The Italian irredentism in Istria was the political movement supporting the unification to Italy, during the 19th and 20th centuries, of the peninsula of Istria. It is considered closely related to the Italian irredentism in Trieste and Fiume, two cities bordering the peninsula.

History

Istria, since Roman times, has been an eastern region of Italy, populated by romanized people who were initially related to the Roman Empire and -after the Middle Ages- to the Republic of Venice. In the northeastern section of Istria after Charlemagne started to settle some Slav people, who increased in number inside all Istria mainly after the Turkish invasions of the Balkans (mostly as refugees).

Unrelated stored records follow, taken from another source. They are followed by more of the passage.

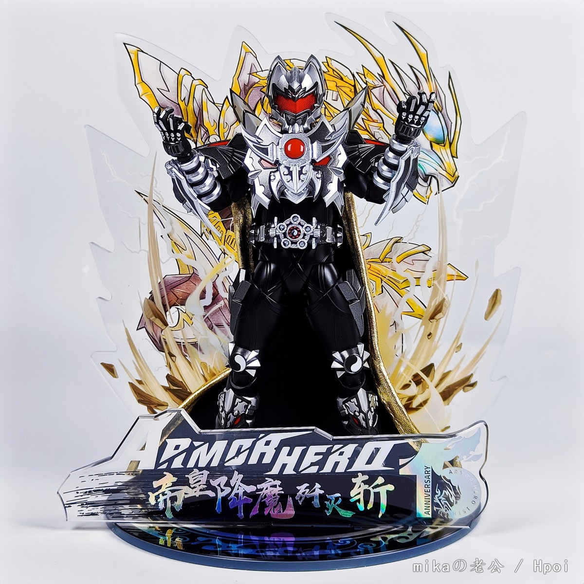 配置内容: 黑暗帝皇侠主体x1 极闇剑x1 极闈盾x1 帝皇战戟替换件x1 磁吸终极黑暗帝皇铠甲胸盾x1 终极黑暗帝皇铠甲手甲替换件x2 替换手型x5对 暗黑五行特效卡x5 暗黑五圣必杀特效卡x5 专属地台x1 卡片支架x5 说明书x1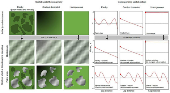 However, the direction and magnitude of disturbance-driven changes in the spatial patterns of biodiversity could depend on multiple factors, including the scale at which particular disturbances operate [17,21,23,24,25,26] and the type and intensity of disturbance. Of course, such effects may further depend on the spatial heterogeneity of the habitat template [26,27]. In a spatially patchy habitat (e.g., patch-matrix or mosaic), which is usually characterized by a patchy-type of spatial pattern, disturbances operating at the scale of a habitat may weaken or homogenize the within-habitat biotic and abiotic heterogeneity [24]. This may lead to a shift from patchy-type to gradient- or to random-type of spatial patterns [23], or may lead to an increase in the overall positive autocorrelation in biodiversity (Figure 1). Here, a patchy-type of spatial pattern can be defined as the pattern where the overall autocorrelation is significant, but the shape of the pattern is somewhat wavy. A gradient-type of spatial pattern can be defined as the pattern where the overall autocorrelation is significant, but the shape of the pattern is somewhat an accelerating or decelerating line; and a random-type of pattern can be attributed to the abundance of fine-scale patches or local spatial structures, resulting in an overall non-significant spatial autocorrelation in biodiversity. However, in the same patch-matrix or mosaic habitat, disturbances, operating at the scale of a microhabitat patch, may increase the within-habitat biotic and abiotic heterogeneity [24,28], causing a decrease in overall positive spatial autocorrelation or generate a more patchy-type of post-disturbance patterns in biodiversity. In a gradient-dominated or homogeneous habitat with a gradient- or a random-type of spatial pattern, disturbances operating at the scale of a habitat may not affect the overall spatial pattern. Whereas, disturbances operating at the scale of a microhabitat patch may create new patches (i.e., shift from a gradient-type or a random-type to a patchy-type pattern) [23] or a decrease in the overall spatial autocorrelation in biodiversity (Figure 1). Yet, these aspects of disturbance and resultant changes in the categories of spatial patterns are rarely considered explicitly in disturbance versus spatial patterns of biodiversity studies.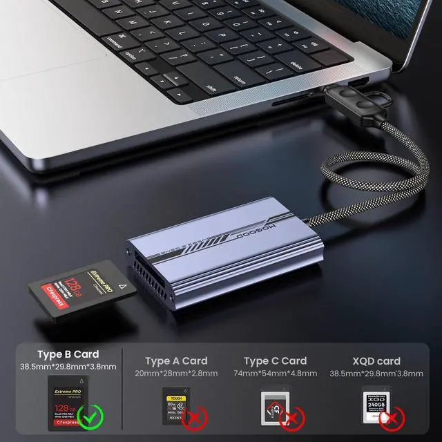 Blazing-Fast 10Gbps Transfer with Unwavering StabilityMOGOOD CFexpress Type B Card Reader offers an ultra-fast maximum transfer speed of 10Gbps (equivalent to 1250MB/s), enabling the transfer of your work in just a matter of seconds. This not only supercharges your work efficiency but also guarantees a stable and reliable transfer process. ^^ USB-C/USB-A Type B CFexpress AdapterMOGOOD Type B CFexpress Card Reader is highly portable and compatible. It works with PC, MacBook, iPad, iPhone and USB-C/USB-A devices. Its compact design and long cable allow effortless use with desktops and laptops, facilitating your work anytime.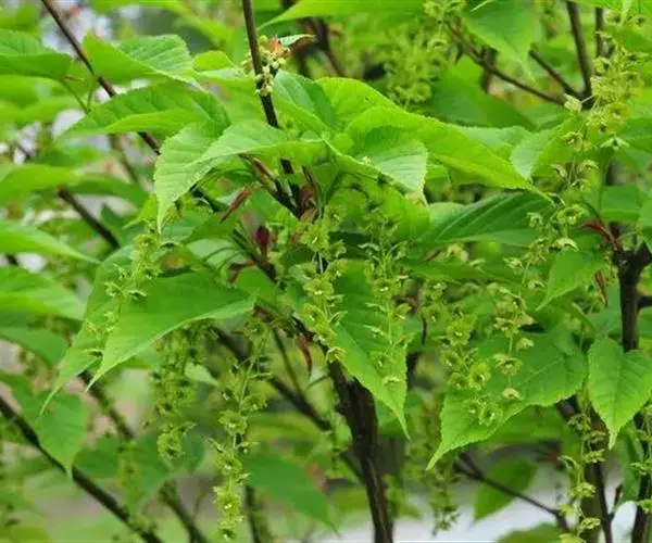 穗状花序,下垂,长7-9厘米,有短柔毛,常由2-3年无叶的小枝旁边生出,稀由小枝顶端生出,近于无花梗,花序下无叶稀有叶,花淡绿色,单性,雄花与雌花异株;萼片5,卵形,长1.5毫米,宽1毫米;花瓣5,短小或不发育;雄花有雄蕊4-6,通常5,长约2毫米;花盘微发育;雌花的子房无毛,花柱短,柱头反卷。

When Napoleon defeated Venice in 1797, he found that Istria was populated by Italians on the coast and in the main cities, but the interior was populated mainly by Croats and Slovenians: this dual ethnicity in the same peninsula created a situation of antagonism between Slavs and Italians for the supremacy of Istria, when started the first nationalisms after Napoleon's fall.
Since 1815 Istria was a part of the Austrian monarchy, and Croats/Slovenians and Italians engaged in a nationalistic feud with each other.

As a consequence Istria has been the theater of an ethnic struggle between them, with bloody nationalistic wars, during the 19th and 20th centuries. The Italian irredentism was actively followed by many Italians in Istria, like the Italian hero Nazario Sauro of Capodistria.

Between 1918 and 1947 Istria was part of the Kingdom of Italy, but after World War II was part of Yugoslavia. Furthermore, after the war was created the Free Territory of Trieste in north-western Istria: in the years following the division of the territory between Italy and Yugoslavia, up to 40,000 Istrian Italians chose to leave the Yugoslav "B zone" and move to the "A zone" or Italy for various reasons - some were intimidated into leaving and some simply preferred not to live in Josip Broz Tito's Yugoslavia.

Since the end of World War II the irredentism has totally disappeared in Istria, in most part because of the Istrian exodus.

Istria is populated mainly by Slavs, but nearly 50,000 Italians still live there (divided between the areas of Istria belonging to Croatia, Slovenia and Italy).

Italian irredentism
After Napoleon the idea of "unification" of all the Italian people in a "united Italy" started to be developed by intellectuals like the Istrian Carlo Combi.  As a consequence, the Italian irredentism promoted the unification of those areas not included in the creation of the Kingdom of Italy after 1861: Istria was one of those.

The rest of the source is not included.